U.S. President Harry Truman (L) put the brakes on Soviet dictator Joseph Stalin’s plan to invade Japan.
Updated: Date
Published: MAY 2024

Little-known August 1945 incident could have changed course of history

Soviets were within 48 hours of invading Japan and dividing it in two à la Vietnam and Korea

Japan is today a vital partner, and increasingly so, in the effort by democratic-style states to counter China’s aggressive assertiveness. But it could have turned out differently. Much differently.

In September 1941, reportedly alerted by its Tokyo-based spy Richard Sorge that Japan had no imminent intention of attacking the Soviet Union, Moscow felt free to shift massive forces from its Far East Command to the campaign against Nazi Germany. Its focus would remain on Berlin until the closing weeks of the Second World War.

Soviet leader Joseph Stalin had agreed at the 1943 Tehran Conference to join the war against Japan once the Nazi threat was defeated, and he vowed at the 1945 Yalta Conference do so within three months of Berlin’s surrender. True to his word, the Soviet Union attacked the Japanese puppet state of Manchukuo (in China’s Manchuria region) on 9 August after declaring war against Japan a day earlier.

With the Imperial Japanese Army in shambles, Soviet forces swept into Manchukuo and advanced swiftly on several other fronts. These included northern Korea, South Sakhalin and the Kuril Islands chain. An estimated 500,000 to 750,000 Japanese nationals were subsequently interned in Soviet labour camps, many for decades, and some 55,000 are thought to have perished in captivity.

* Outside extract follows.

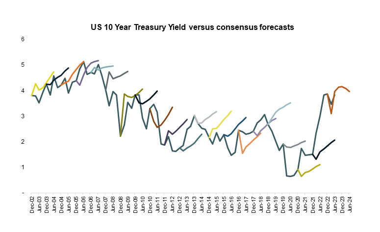 You may have seen a chart similar to the one below, showing the point-in-time forecasts of the US 10-Year Treasury Yield for the next six quarters against the actual trajectory of the yield. While this type of chart is often cited to show the persistent error and bias in some macro forecasts, we think that the question warrants some more analysis.

Stalin had intended to continue this campaign with an invasion of Hokkaido, the northern-most island of the Japanese mainland. But he demurred two days before the scheduled attack on 24 August, leaving Japan proper to the Americans.

Some suggest that Stalin’s change of heart was due to Washington’s revelation some two weeks earlier of its nuclear power. The U.S. had until then kept its nuclear programme a closely guarded secret, but Soviet intelligence had long alerted Moscow to its progress and Stalin was far from cowed. “Not atomic bombs, but armies decide about the war,” he said confidently to Polish Communist leader Wladyslaw Gomulka in November 1945.

Stalin wrote to U.S. President Harry Truman on 16 August seeking his assent to the planned Soviet invasion of Hokkaido. This reads in part: “Include the northern half of the island of Hokkaido, which adjoins in the north the Laperouse Strait [La Perouse Strait – ed.], located between Karafouto [Karafuto – ed.] and Hokkaido, into the region of surrender by Japanese forces to Soviet forces. The demarcation line between the northern and southern halves of Hokkaido is to be drawn along the line extending from the town of Kushiro on the eastern coast of the island until the town of Rumoe [Rumoi – ed.] on the western coast of the island, including the said towns in the northern half of the island.”

Give ‘em hell, Harry!

Two days later, emboldened by events at Hiroshima and Nagasaki, Truman turned him down. “Regarding your suggestion as to the surrender of Japanese forces on the island (of) Hokkaido to Soviet forces, it is my intention and arrangements have been made for the surrender of Japanese forces on all the islands of Japan proper (...) to General MacArthur,” he responded. The U.S. president accepted Moscow’s seizure of the Kuril Islands elsewhere in that same letter, but asked for U.S. air base rights there – a proposal that the Soviet Union ignored.

President Harry Truman accepted the Soviet seizure of Japan’s Kuril Islands in 1945.

Writing several years ago in U.S.-based Foreign Policy magazine, Sergey Radchenko, a Soviet-born British historian who is a professor at John Hopkins University, argued that Stalin accepted this decision because he had a more pressing agenda.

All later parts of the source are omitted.